There was a time when a man once looked at the night sky and wondered where do these stars come from, but slowly the way science and technology developed man was successful in landing on the Moon. Today our technology has made us humans s capable that we can research those far away galaxies, constellations, and asteroids, and whatnot, just while sitting on the earth. Many of those heart-throbbing discoveries by or scientists have amazed us a lot. News has again arrived to amaze you. Let’s have a look at it.
What are galaxies actually?
A galaxy is a massive array of hydrogen, dust, and billions of stars and their solar systems. By gravity, a galaxy is held together. In the center, our galaxy, the Milky Way, also has a supermassive black hole. Some scientists think that in the universe, there may be as many as one hundred billion galaxies. ( According to Website of NASA)

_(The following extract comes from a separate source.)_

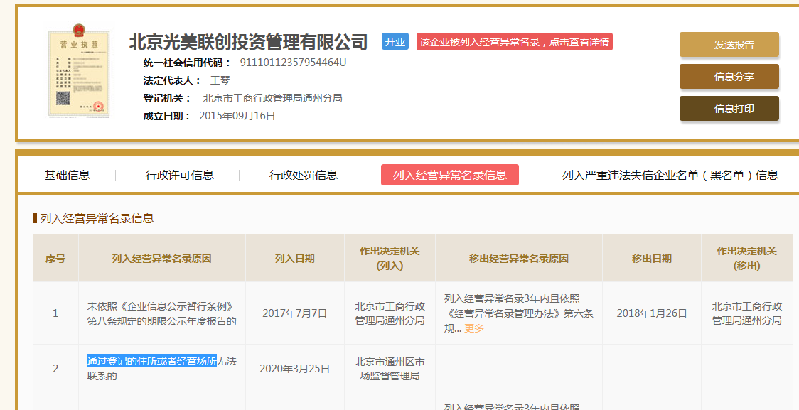 ◆进展:股东法人被列入经营异常名录,卫生监督部门已介入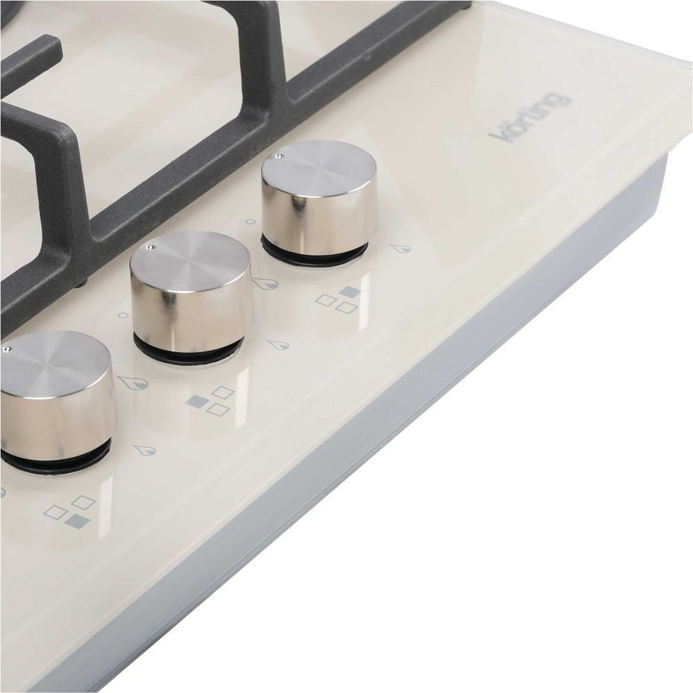 - Металлические поворотные регуляторы: Поворотные регуляторы газовых варочных поверхностей Korting выполнены из металла, что создает профессиональный стиль и препятствует их нагреву.

Telescope in Australia Founds 1 Million New Galaxies
Vast regions of the cosmos have been explored at record speed by a strong new telescope in Australia. In just 300 hours, the Australian Square Kilometre Array Pathfinder was able to map about 3 million galaxies, 1 million of which had never been seen before. The Commonwealth Scientific and Industrial Research Organisation, or CSIRO, Australia’s national science agency, operates the Square Kilometre Array Pathfinder, 800 kilometers north of Perth.
Not only one dish or antenna is the telescope, but 36. They are three floors high and fiber-optic cable
connected, so they combine to act as one super telescope. The array is helping out scientists to explore black holes, the existence of gravity, and the origins of the first stars. Scientists aim to discover the mysteries of how the universe has evolved by cataloging millions of galaxies.
Will it help us to find out how have we evolved?
“If we can look at their figures, where they are in the sky, and how they interact with each other then we can learn how galaxies like ours can form, and how we have come to be here on this earth,” said Douglas Bock, director of astronomy and space science for CSIRO. And if we look at a galaxy far away, maybe twelve billion light-years away, we look back in time. So we are staring at the illumination that has been released from the whole galaxy when it was only a few billion years after our universe started.